When George Clooney went too method for his own good: “I was supposed to play a drunk”
Before George Clooney became a devilishly handsome, ultra-smooth A-list movie icon, he was a young, aspiring actor like anyone else trying to make their way in Hollywood. In his younger days, though, Clooney was a renegade who didn’t take anything too seriously, and this led to some decidedly odd choices when auditioning for roles.
It’s been well-documented that Clooney struggled for a decade in relative obscurity before he finally landed his breakout role as Dr Doug Ross in ER in 1994, and his laissez-faire approach to auditions may have contributed to this long wait. When he wasn’t playing insanely elaborate, time-consuming pranks on his roommate Richard Kind, Clooney would try out for roles of all shapes and sizes with the abandon of someone who didn’t seem to care if they got the job.
“I was a big props guy,” Clooney once told W magazine. “I took a dog to one audition and just held it under my arm, even though there was no dog in the scene. It was for Family Ties. I didn’t get the job, so clearly it didn’t work.” On another occasion, Clooney auditioned for a dialogue-free role in a war movie and had to pretend he was being shot at, stepping on a landmine, and jumping into a foxhole. He struggled to commit to the imaginary exercise fully, though, and chuckled, “I didn’t get the part.”
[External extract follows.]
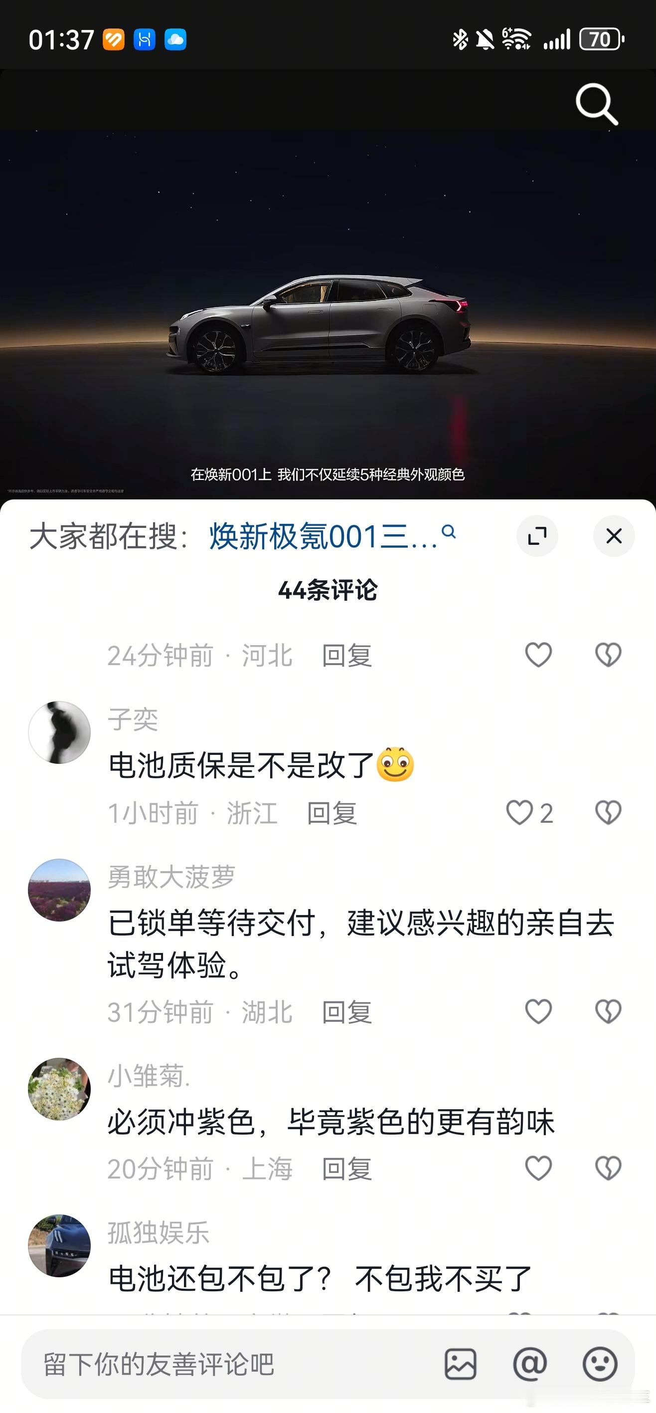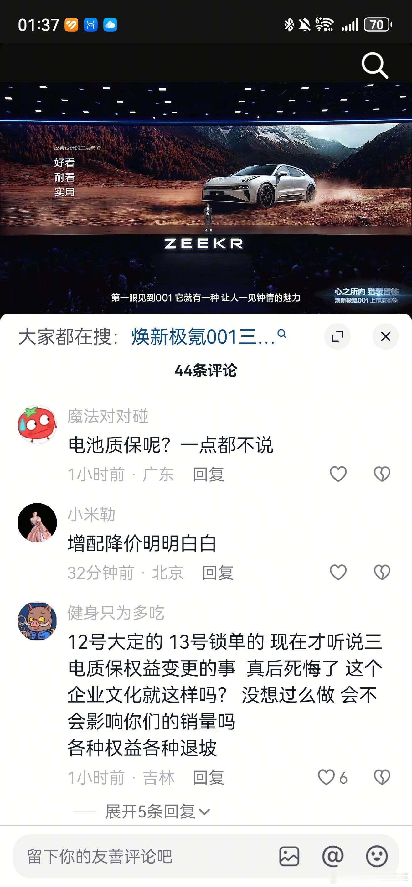 极氪官方抖音号下面全是对电池质保问题和激光雷达问题的评论

However, Clooney’s most egregious, “What was I thinking?” audition story came in the early ’90s when he somehow found himself up for a part in Bram Stoker’s Dracula, directed by the great Francis Ford Coppola. It’s not exactly known which role Clooney was called to read for, but he remembered the character was a drunkard. So, he did the only thing that made sense within his nothing-to-lose mentality: he went to the audition legitimately soused.
“I was supposed to play a drunk guy, and I got really drunk to do it, because I thought that was the best way to do it,” Clooney remembered in 2016.
In perhaps the least surprising outcome of all time, Clooney’s bold attempt to secure a part in Coppola’s major motion picture while inebriated was not the success story he had imagined. In fact, he recalled that Coppola personally phoned his agent to yell, “He was drunk!” with barely restrained astonishment, and a mildly embarrassed Clooney was forced to admit, “That didn’t work out.”
In truth, Clooney’s series of disastrous early auditions might not have yielded the results he wanted, but his approach did eventually pay off. The star revealed that the impulse for too many young actors is to “go into an audition going, ‘Please like me, please.'” Casting agents can sniff out this desperation, which will likely make a performance come across as inauthentic. By resolutely refusing to take anything remotely seriously, Clooney was trying to negate this desperation.
“If you take the pressure off, it makes a difference in the way you audition,” he explained. “And by the way, it took me a long time to figure this out.”
After this domino fell, Clooney’s next step toward finally understanding the vagaries of auditioning was admitting to himself where he truly was in his career. Even after he started experiencing success on ER, he confessed to perceiving himself as “a film actor doing television,” yet he still couldn’t land film roles to save his life. It was only when he faced reality and admitted, “I was a TV actor,” that another layer of pressure was removed from his shoulders. After this, the movie roles paradoxically began rolling in.